> [TASK]
The required result is an exact copy of every line from the one with "松阪牛仕込みハンバーグ(大豆" through the last line below, with the pictures left out.

> [SOURCE DATA]
>>>
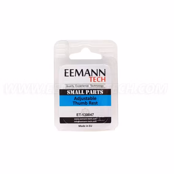• Eemann Tech Adjustable Thumb Rest for any flat steel frame• For right handed shooters, need to install on left side of pistol• Thumb angle - 35' degrees• Adju
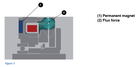 In normal power-off mode, the permanent magnet in the assembly (1) creates an attractive force on the armature assembly (2), which is attached to the load shaft by means of screws or pins, hence stopping or holding the load.
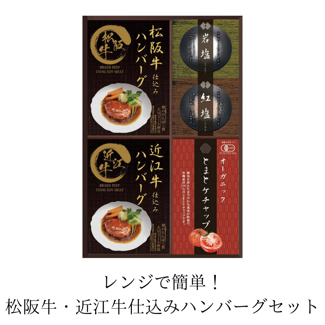 松阪牛仕込みハンバーグ(大豆ミート入)130g(固形量80g)・近江牛仕込みハンバーグ(大豆ミート入)130g(固形量80g)各1袋・ジャーマニー岩塩30g・アンデス紅塩30g各1袋・トマトケチャップ10g×8袋
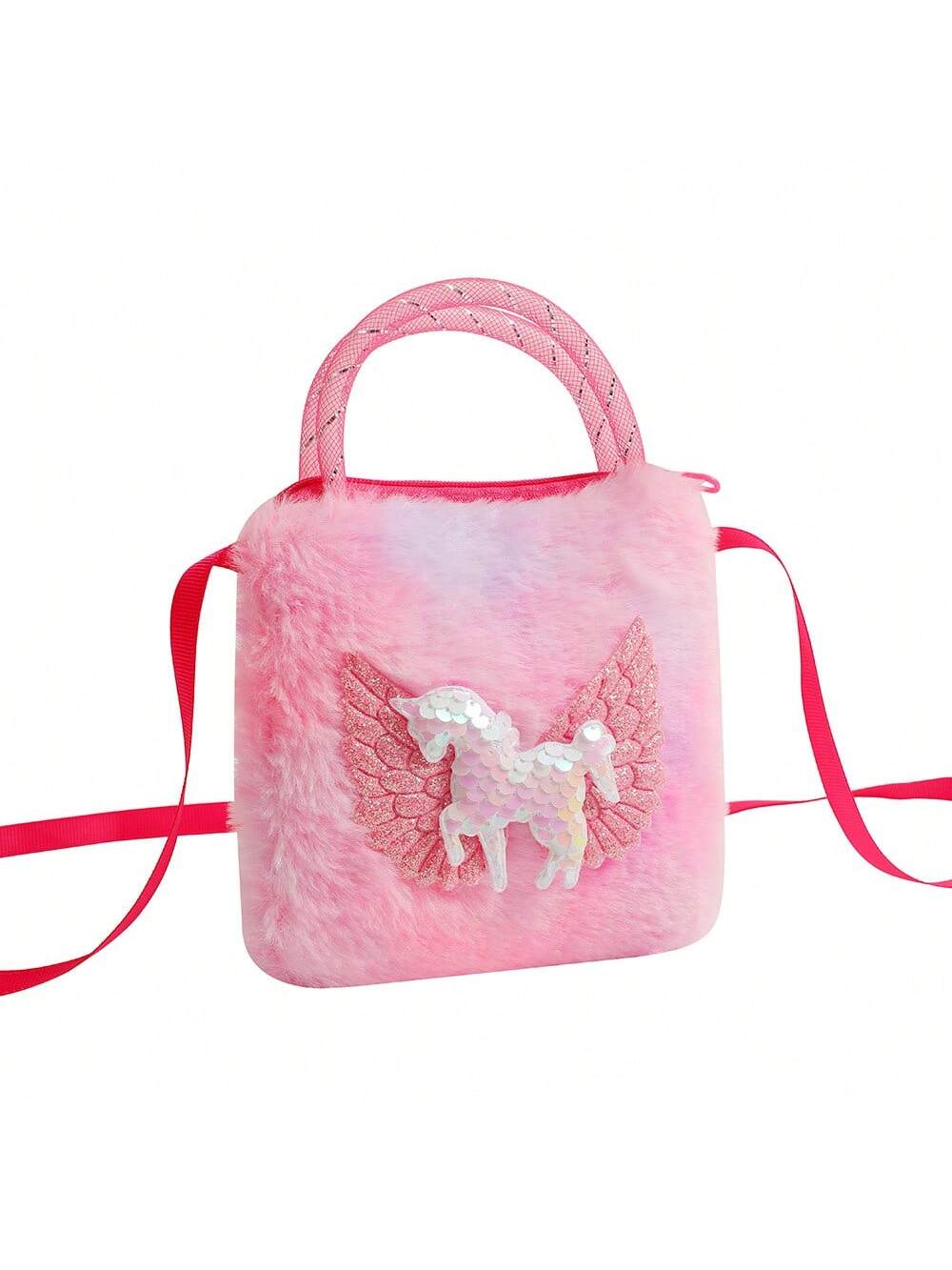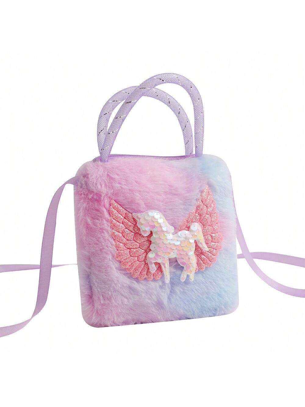 Glitter Pegasus Handbag – Cartoon Tie-Dyed Plush Crossbody Bag, Kindergarten Girls' Mini Square Bag Coin Purse, Small Cute Pegasus Unicorn Sequin Storage Bag, Random Tie-Dye Position
<<<
> [RESPONSE TO THIS TASK]
 松阪牛仕込みハンバーグ(大豆ミート入)130g(固形量80g)・近江牛仕込みハンバーグ(大豆ミート入)130g(固形量80g)各1袋・ジャーマニー岩塩30g・アンデス紅塩30g各1袋・トマトケチャップ10g×8袋
 Glitter Pegasus Handbag – Cartoon Tie-Dyed Plush Crossbody Bag, Kindergarten Girls' Mini Square Bag Coin Purse, Small Cute Pegasus Unicorn Sequin Storage Bag, Random Tie-Dye Position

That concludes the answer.